Hope you like the article! Part-of-speech (POS) tagging in NLP is essential for understanding text structure. What is POS tagging? It labels words with grammatical categories, enhancing machine comprehension. What is part of speech tagging in NLP? It aids in disambiguation and improves algorithm accuracy. Overall, what is POS tagging in NLP? It’s a foundational technique for various applications.
Also, Read More about Natural Langugae Processing Using Python
POS tagging assigns grammatical categories (tags) to words in a text. It helps machines understand language better and is used in tasks like translation, sentiment analysis, and information extraction.

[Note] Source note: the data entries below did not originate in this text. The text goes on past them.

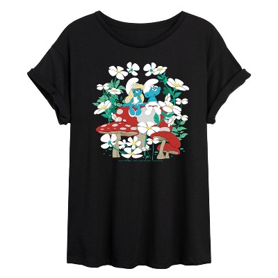 Smurfs - Group Logo - Men's Short Sleeve Graphic T-Shirt - Step into a whimsical world with graphic apparel inspired by The Smurfs! Featuring classic characters like Papa Smurf, Smurfette, Brainy, and the whole blue crew, these playful designs capture the charm and fun of the beloved animated series. With bright colors and nostalgic flair, this collection is perfect for fans of all ages.
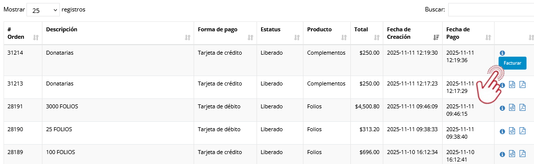 Si ya se encuentra facturada dirígete al punto 2 para ver las instrucciones de descarga
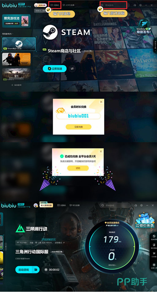 想下载游戏的玩家人数很多,不过一款国际服的游戏在下载时对网络有限制,担心网络卡顿可以用网络加速器。现在还可以免费领取加速时长,新用户可以享受叠加福利,1:在注册之后就可以领取24小时免费,2:是在页面上输入【biubiu001】可以免费72小时,另外两种福利可以一起搭配,一共是96小时。
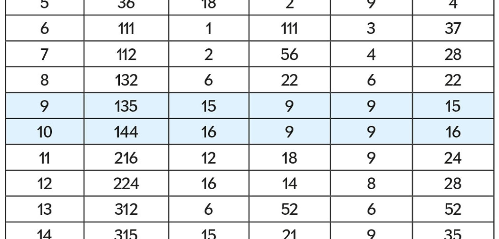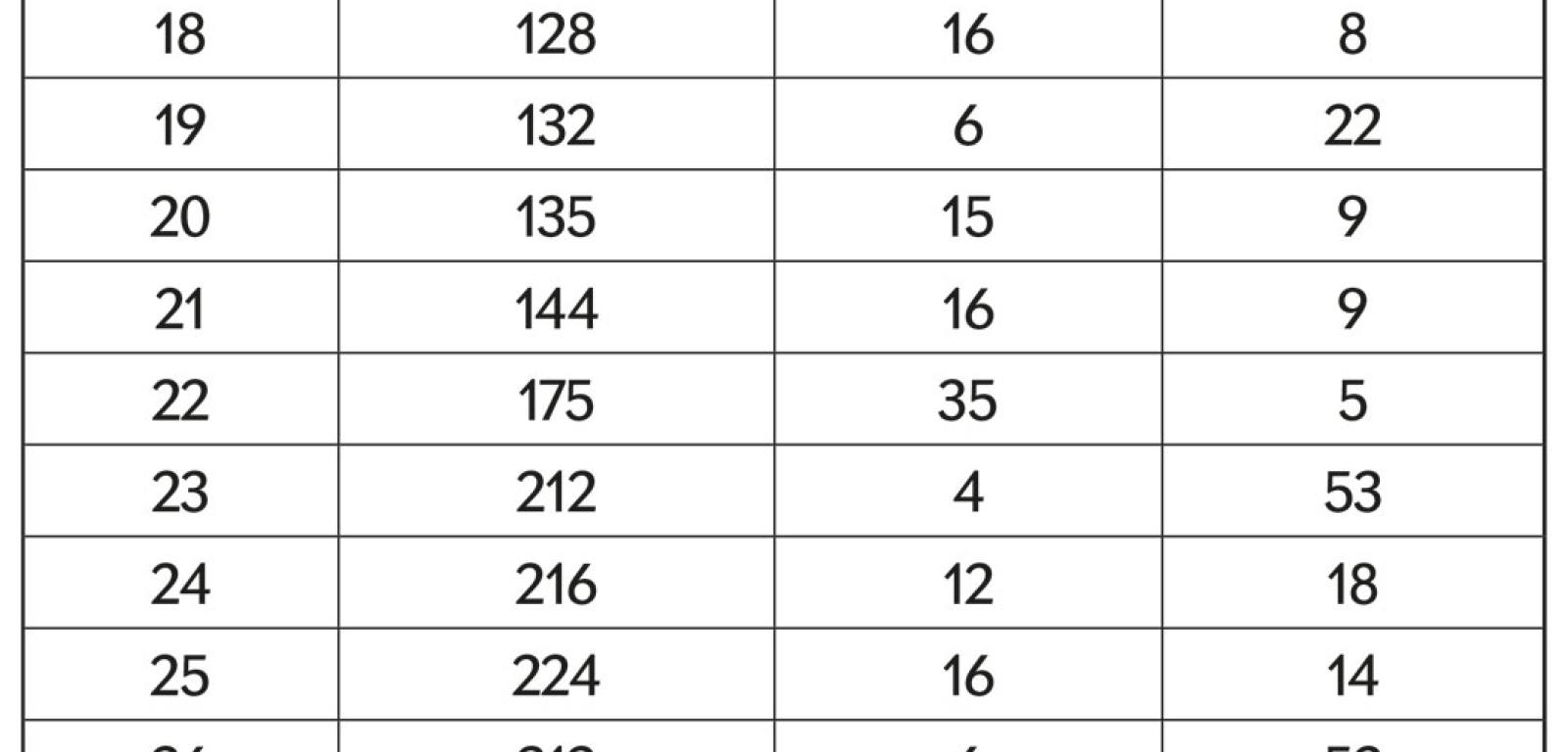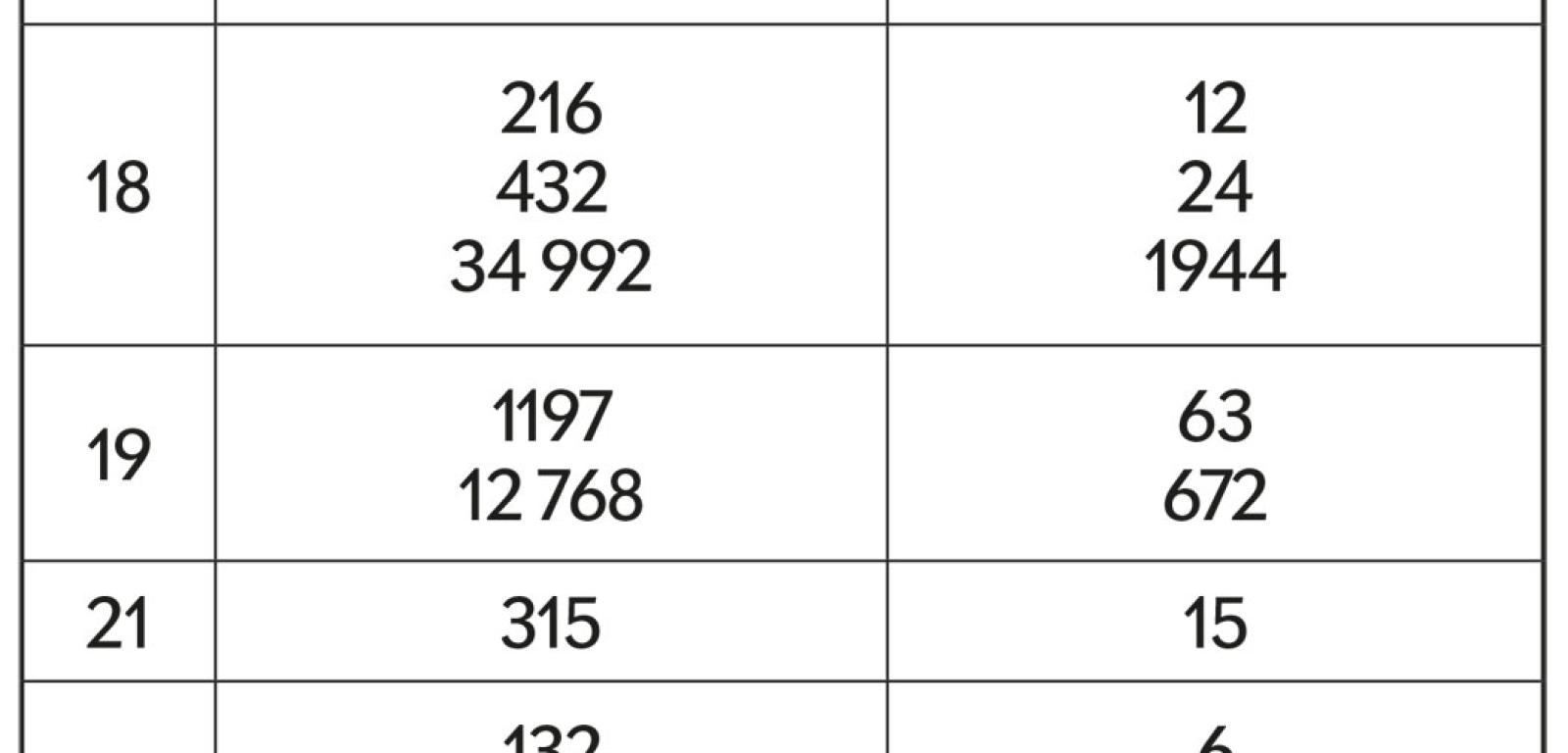 W tabeli 2 podane są: w pierwszej kolumnie ilorazy QZ w zakresie do 50; w drugiej liczby Z, po których podzieleniu przez iloczyn ich cyfr (trzecia kolumna) powstaje dany iloraz. Do QZ=30 podane są wszystkie liczby Z, dalej tylko najmniejsze, które i tak są niemałe. Jak widać, niektórych ilorazów brakuje, ponieważ nie ma liczb Z, które by je generowały. Takimi brakami są oczywiście wszystkie ilorazy zakończone zerem, a ponadto tworzące ciąg, którego początek stanowią pominięte w tabeli: 15, 16, 24, 25, 26, 32, 35, 38, 39, 42, 43, 47, … . Inaczej mówiąc, nie ma na przykład takiej liczby X, która pomnożona przez 16 dałaby liczbę, której iloczyn cyfr byłby równy X. Próbując taką znaleźć, można jednak trafić bardzo blisko celu, wybierając X=159, bowiem 159×16=2544, a 2×5×4×4=160, czyli X+1.

POS tagging is crucial for NLP as it helps computers understand the grammatical structure and meaning of text. It’s used in tasks like syntactic analysis, semantic analysis, information extraction, machine translation, and text generation.
POS tagging is a process in NLP that assigns a grammatical category (e.g., noun, verb) to each word in a sentence. It uses various features and algorithms to achieve this, and has many applications in NLP tasks.
POS tagging is not language-independent. While there are some universal grammatical concepts, the specifics vary significantly across languages due to morphological differences, syntactic structures, lexical ambiguity, and tag sets. However, researchers are working on approaches like universal tag sets and transfer learning to make POS tagging more language-independent.